The others are still talking about Ben and Chloë’s game.

‘So what’s ZoTech’s evil mission?’ Dan asks. ‘Presumably they have one.’

‘Yeah,’ Chloë says. ‘It’s like …’

‘It’s the usual stuff about taking over the world,’ Ben interrupts. ‘ZoTech are this corrupt corporation who control Terra. They’ve developed these dangerous chemical weapons because they want to colonise space, but the weapons programme has unbalanced Terra. ZoTech don’t care about this very much. The natural resources on Terra are pretty much spent anyway, especially since ZoTech started mining for the Lost Elements and using them in their weapons technology …’

‘What are the Lost Elements?’ Hiro asks.

‘Fire, water, air, electricity, ice, earth, dreams, spirit and magic,’ Chloë says, in her gentle voice. ‘The story goes that humans living on Terra abused powers they were given at the dawn of time and as a result these powers have been taken away or hidden. Magic was the first to go, then spirit. It’s set in the future, obviously, and by this time all the natural elements are gone, too: ice, fire and air and so on. The game is called
The Sphere
because Terra has basically become just that: a central sphere and various interconnected bubbles in which people live and work. The Spheres are powered by dreams. Although the ability to dream was lost by humans a
long time ago, one ancient mutant tribe still has the power. No one in Terra particularly cares that this tribe, the Maki, was captured by ZoTech long ago, and that its members are now bred like farm animals and forced into perpetual sleep, drugged in such a way that their dreams become even more powerful. This dream power is harnessed, and used as fuel for the spheres. When the lights flicker in the spheres, you know that one of the Maki has died, or woken up. If a Maki wakes up, he or she usually dies from the shock anyway, and the lights flicker even more.’

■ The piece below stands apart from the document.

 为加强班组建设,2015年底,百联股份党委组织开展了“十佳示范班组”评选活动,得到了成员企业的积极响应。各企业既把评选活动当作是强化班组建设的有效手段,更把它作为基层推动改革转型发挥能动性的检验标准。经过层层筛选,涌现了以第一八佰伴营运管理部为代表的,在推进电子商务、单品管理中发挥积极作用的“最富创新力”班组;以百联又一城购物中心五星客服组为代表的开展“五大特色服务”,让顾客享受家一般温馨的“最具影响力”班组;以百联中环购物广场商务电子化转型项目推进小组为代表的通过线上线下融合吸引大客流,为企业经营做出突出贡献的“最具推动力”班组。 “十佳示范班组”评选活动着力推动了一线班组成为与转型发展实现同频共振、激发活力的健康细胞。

‘How does the game start?’ Dan asks.

‘One of the Maki has escaped,’ Chloë says. ‘He has been dreaming of this beautiful girl all his life, and at first, his mission is to escape from the Maki Dream Lab and find her. Of course, it turns out that the destiny of the escaped Maki and the girl from his dreams are intertwined. When he finds her, and she hears what has happened to him, they join forces to fight against ZoTech, using his special dream powers, and her magical healing powers. They meet more comrades along the way but I won’t say any more in case I spoil it …’

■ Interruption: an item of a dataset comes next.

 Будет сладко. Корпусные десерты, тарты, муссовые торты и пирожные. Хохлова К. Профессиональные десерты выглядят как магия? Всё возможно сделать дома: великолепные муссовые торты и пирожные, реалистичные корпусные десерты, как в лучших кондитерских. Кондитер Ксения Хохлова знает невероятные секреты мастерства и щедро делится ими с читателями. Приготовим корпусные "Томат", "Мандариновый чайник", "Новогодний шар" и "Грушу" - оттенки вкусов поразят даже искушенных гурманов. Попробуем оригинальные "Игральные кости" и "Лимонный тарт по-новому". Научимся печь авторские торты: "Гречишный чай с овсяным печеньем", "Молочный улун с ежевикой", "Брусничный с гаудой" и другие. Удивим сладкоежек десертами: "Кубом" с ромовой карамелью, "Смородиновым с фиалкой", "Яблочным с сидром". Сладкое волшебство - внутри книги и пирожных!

‘Is it pretty linear?’ asks Dan. ‘Or do you get to do your own stuff in the game-world?

Chloë sips her coffee. ‘It’s not as nonlinear as we would have liked,’ she says. ‘It’s all been a bit of a nightmare, to be honest. Marketing people don’t like “nonlinear”. It’s a bit too challenging for them. They don’t want cult. They want mainstream. It’s the same old story.’ She sighs.

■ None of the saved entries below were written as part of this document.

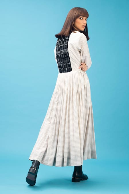 Off white checkered maxi dress with back fabric manipulated detail & front zipper.
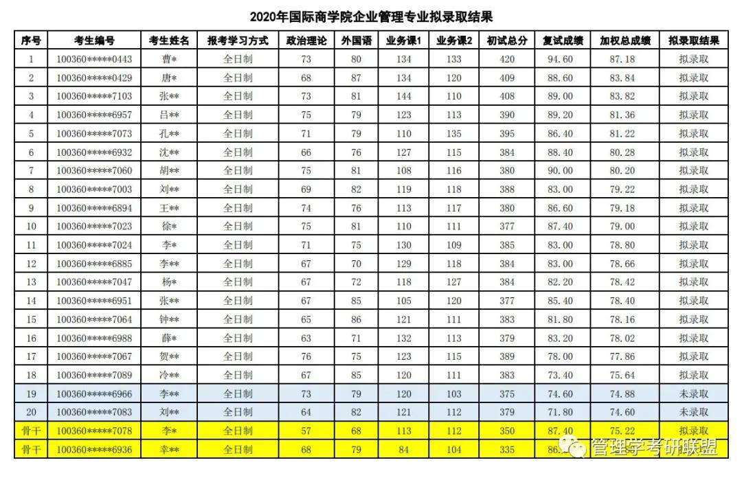 企业管理拟录取18人,另含骨干计划2人,最低分377,最高分420
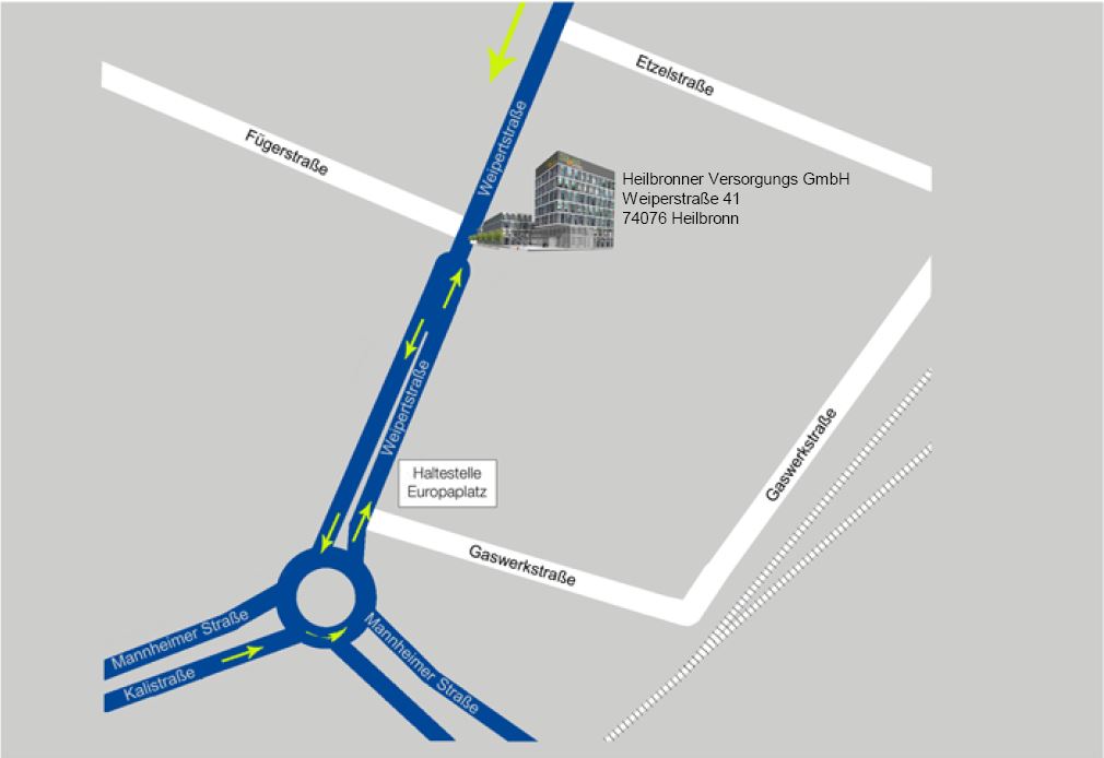 Von der A6 die Abfahrt Heilbronn-Zentrum/Neckarsulm/Mosbach nehmen und Richtung Heilbronn/Neckarsulm abfahren. Der B27 folgen und an der ersten Kreuzung in die Karl-Wüst-Straße rechts abbiegen. Anschließend an der nächsten Kreuzung links in die Austraße abbiegen. Im Kreisverkehr am Industrieplatz die zweite Ausfahrt nehmen, Einfahrt in der Weipertstraße. Im Kreisverkehr am Europaplatz die dritte Ausfahrt nehmen, um in die Gegenrichtung der Weipertstraße zu gelangen. Das Gebäude befindet sich auf der rechten Seite.

‘But what about the online games?’ Dan says. ‘You know, EverQuest and Ultima and all that …? They’re nonlinear, aren’t they? I was talking to that guy Kieran yesterday about all the virtual-world research his team are doing. Apparently they have a completely free reign to develop virtual products for these virtual worlds. I mean, PopCo must know that nonlinear environments are where it’s all happening, surely?’